*TASK BRIEF*
Below are records with pictures; copy word for word only the lines between the line with "Woman in graduation" and the line with "就在最近,我們發現個挺離譜的事,那就是不少人的青春回憶,曾經的社交 APP 巨頭", inclusive, and drop the pictures.

Data entries

----------------

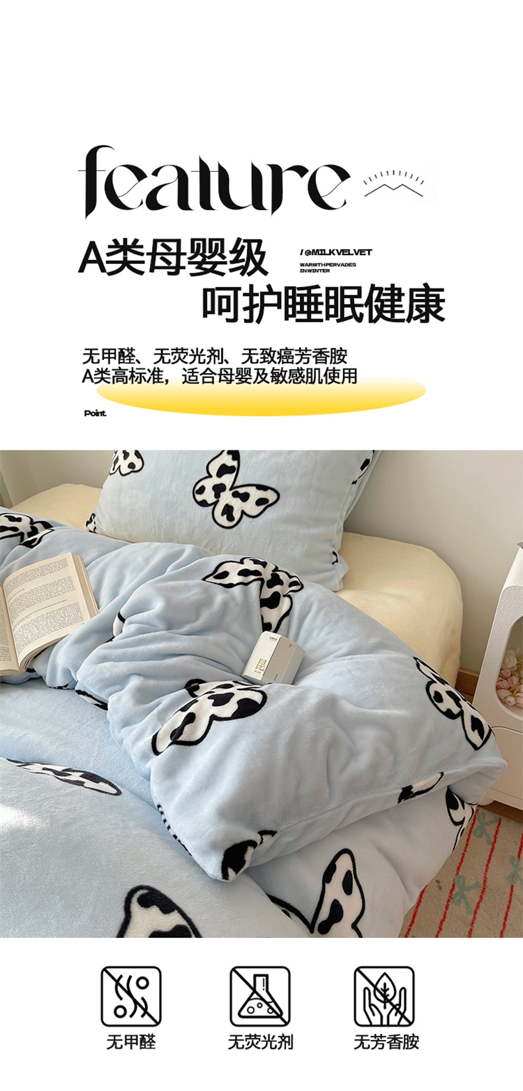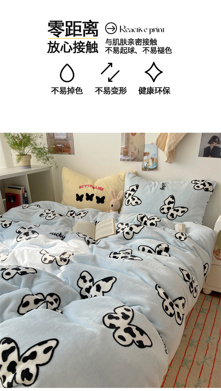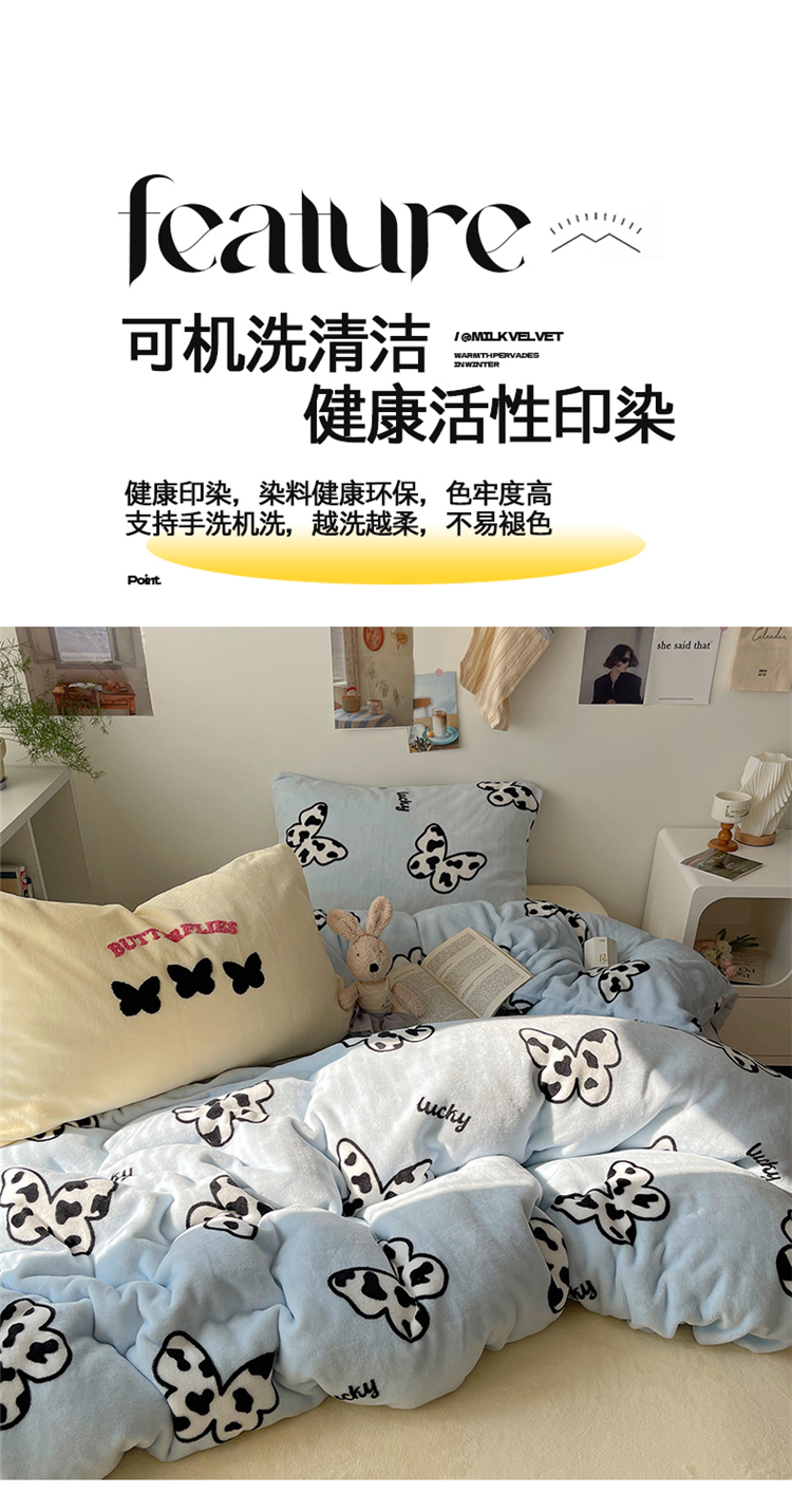 当前位置: 91家纺网 > 商品网购 > 床品套件 > 四件套 > 牛奶绒四件套 > 2024新款A类ins少女小清新蝴蝶爱心蝴蝶结毛巾绣混搭牛奶绒系列四件套 绒毛巾绣-奶牛蝴蝶蓝
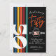 Celebrate a milestone in style with this bold retro “Fifty” birthday invitation. Featuring vertical vintage stripes in teal, mustard, orange, rust, and navy along the left side, paired with a large modern “50” graphic and a sleek black background, this design blends mid-century flair with contemporary typography. The script “Fifty” adds personality, while clean layout details keep the information readable and elegant. Perfect for a 50th birthday party with a stylish, grown-up, slightly nostalgic vibe.
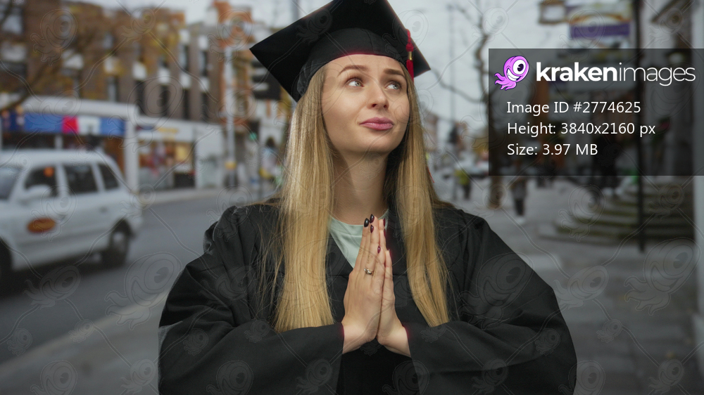 Woman in graduation cap and gown standing outdoors on city street with hands in prayer, surrounded by buildings and taxi, symbolizing hope and future aspirations. - Kraken Images
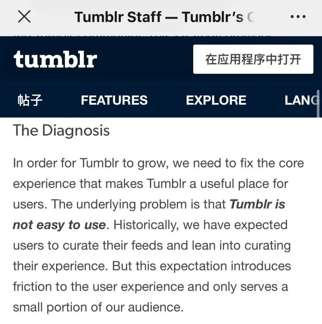 就在最近,我們發現個挺離譜的事,那就是不少人的青春回憶,曾經的社交 APP 巨頭 tumblr ,不但活的好好的,它甚至還打算趁推特虛弱,趕緊薅一票用户,以穢土轉生。
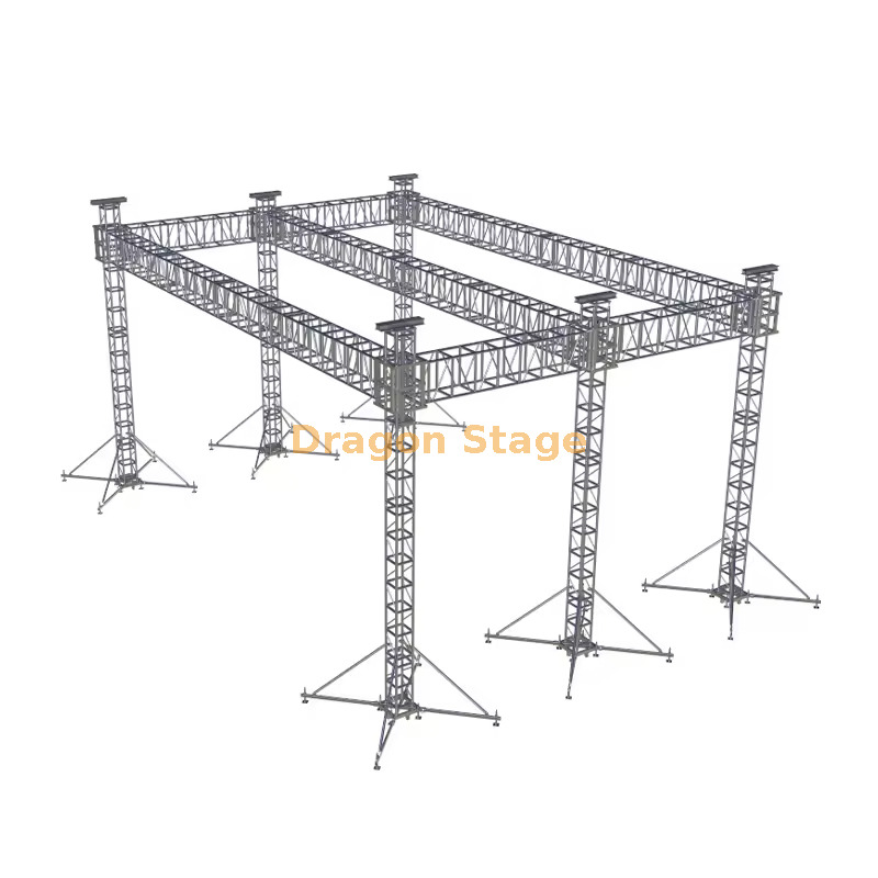 Dotée d'une impressionnante travée avant de 25 mètres avec une hauteur interne de 12 mètres et une profondeur de 14 mètres, cette structure au sol est entièrement construite à partir de fermes à broche en aluminium 6061 certifiées (sections robustes de 520 × 520 mm et 680 × 1010 mm) et offre une capacité de charge exceptionnelle - supportant facilement des murs vidéo LED géants, plusieurs clusters de sonorisation line-array et de vastes plates-formes d'éclairage et d'effets.

----------------

*EXPECTED ANSWER*
 Woman in graduation cap and gown standing outdoors on city street with hands in prayer, surrounded by buildings and taxi, symbolizing hope and future aspirations. - Kraken Images
 就在最近,我們發現個挺離譜的事,那就是不少人的青春回憶,曾經的社交 APP 巨頭 tumblr ,不但活的好好的,它甚至還打算趁推特虛弱,趕緊薅一票用户,以穢土轉生。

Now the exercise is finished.